The remains of two mammoths discovered in New Mexico show that humans lived in North America much earlier than thought. Credit: NPS.
Phys.org has a story about early humans in North America. It's long been thought that humans arrived in North America about 12,000 maybe 15000 years ago. There has been some spare evidence of a much earlier arrival, which was often played off as incorrect dating or just incorrect evidence. Now a team from the University of Texas at Austin has published a research that would push the date of arrive to at least 37,000 years ago! The paper appeared in the journal Frontiers in Ecology and Evolution.
About 37,000 years ago, a mother mammoth and her calf met their end at the hands of human beings.
Bones from the butchering site record how humans shaped pieces of their long bones into disposable blades to break down their carcasses, and rendered their fat over a fire. But a key detail sets this site apart from others from this era. It's in New Mexico—a place where most archaeological evidence does not place humans until tens of thousands of years later.

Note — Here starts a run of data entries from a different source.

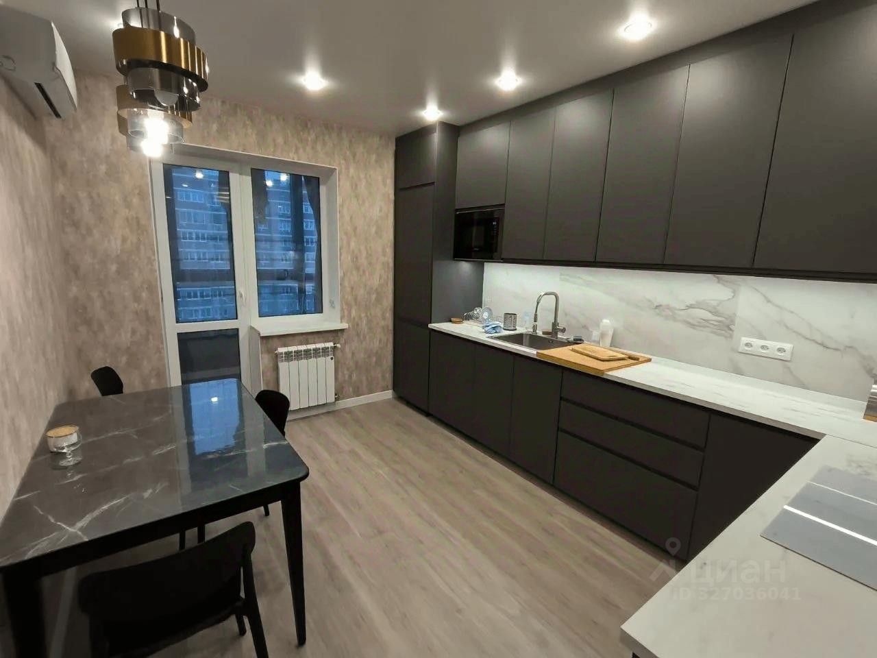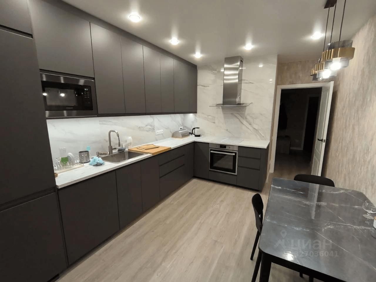 В самой квартире выполнен качественный ремонт из дорогих материалов. Большая кухня-гостиная, места хранения, тёплый пол. Всё делалось для себя, для жизни.
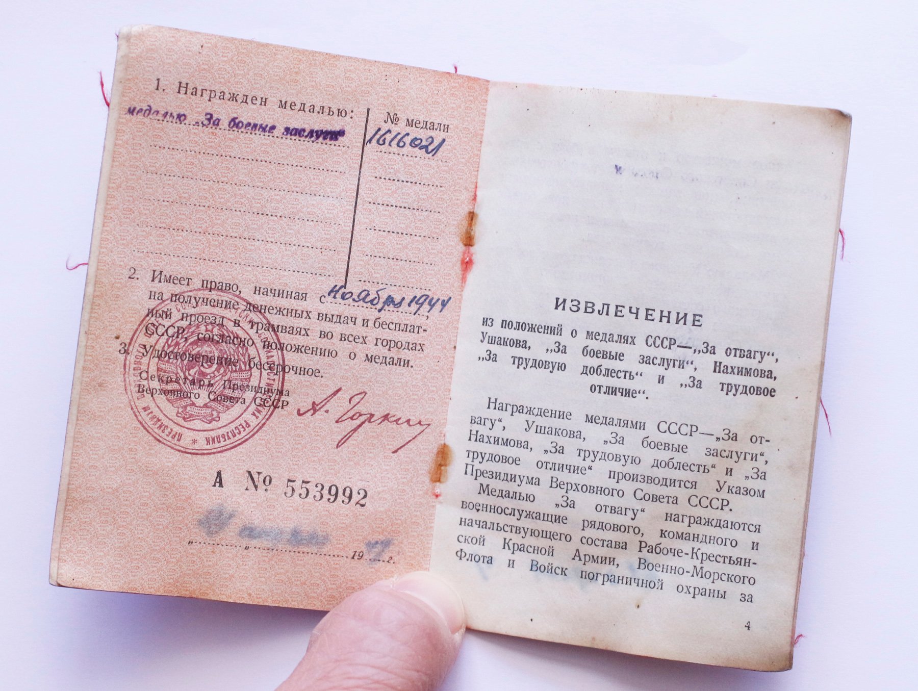 Medal lahinguliste teenete eest (1616021) antud 20.09.1944 Kõveriku lahingus side korraldamise eest.
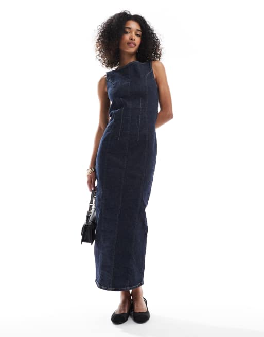 ASOS DESIGN – Jeans-Maxikleid in Indigo mit betonter Taille und Schlitz vorne
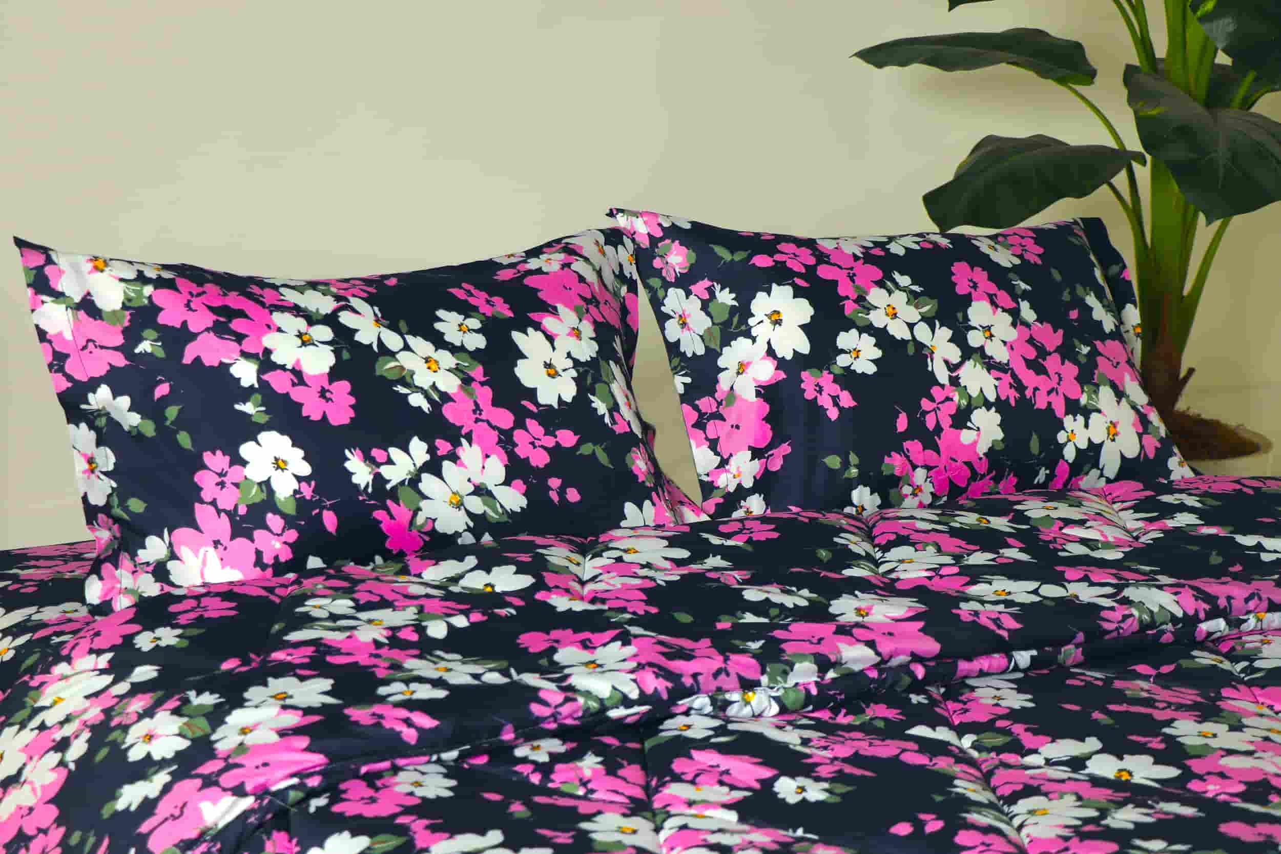 سرویس لحاف دو رو پیگمنت کد 7 روتختی دو رو مدل گل صورتی طوسی
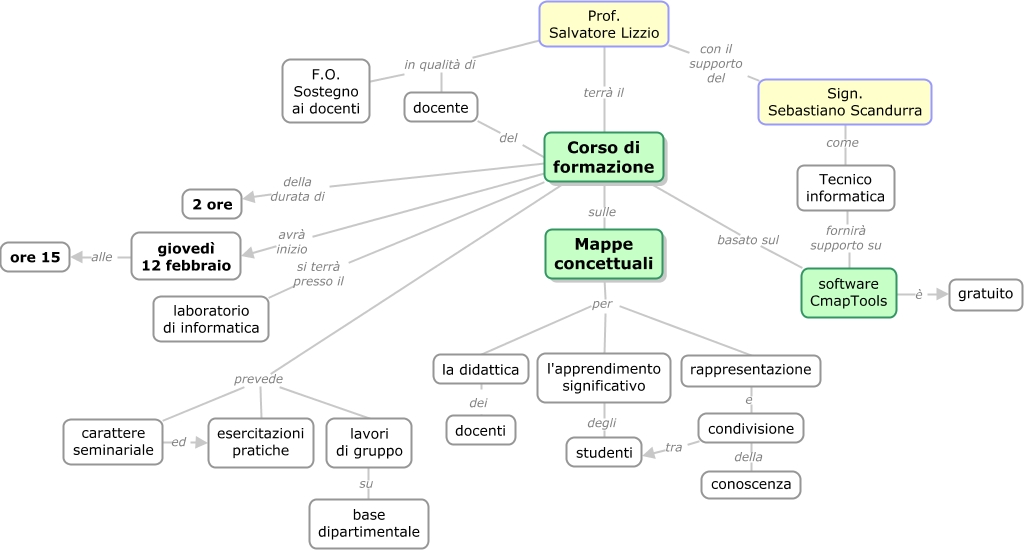 Questa Cmap, creata con IHMC CmapTools, contiene informazioni relative a: Corso mappe concettuali, Sign. Sebastiano Scandurra come Tecnico informatica, Mappe concettuali per l'apprendimento significativo, docente del Corso di formazione, Prof. Salvatore Lizzio con il supporto del Sign. Sebastiano Scandurra, condivisione della conoscenza, Corso di formazione prevede esercitazioni pratiche, Prof. Salvatore Lizzio in qualità di F.O. Sostegno ai docenti, Prof. Salvatore Lizzio in qualità di docente, Corso di formazione prevede lavori di gruppo, Prof. Salvatore Lizzio terrà il Corso di formazione, Mappe concettuali per rappresentazione, Tecnico informatica fornirà supporto su software CmapTools, condivisione tra studenti, Corso di formazione si terrà presso il laboratorio di informatica, carattere seminariale ed esercitazioni pratiche, l'apprendimento significativo degli studenti, Corso di formazione avrà inizio giovedì 12 febbraio, Mappe concettuali per la didattica, Corso di formazione sulle Mappe concettuali, giovedì 12 febbraio alle ore 15

A recent study led by scientists with The University of Texas at Austin finds that the site offers some of the most conclusive evidence for humans settling in North America much earlier than conventionally thought.
The researchers revealed a wealth of evidence rarely found in one place. It includes fossils with blunt-force fractures, bone flake knives with worn edges, and signs of controlled fire. And thanks to carbon dating analysis on collagen extracted from the mammoth bones, the site also comes with a settled age of 36,250 to 38,900 years old, making it among the oldest known sites left behind by ancient humans in North America.
"What we've got is amazing," said lead author Timothy Rowe, a paleontologist and a professor in the UT Jackson School of Geosciences. "It's not a charismatic site with a beautiful skeleton laid out on its side. It's all busted up. But that's what the story is."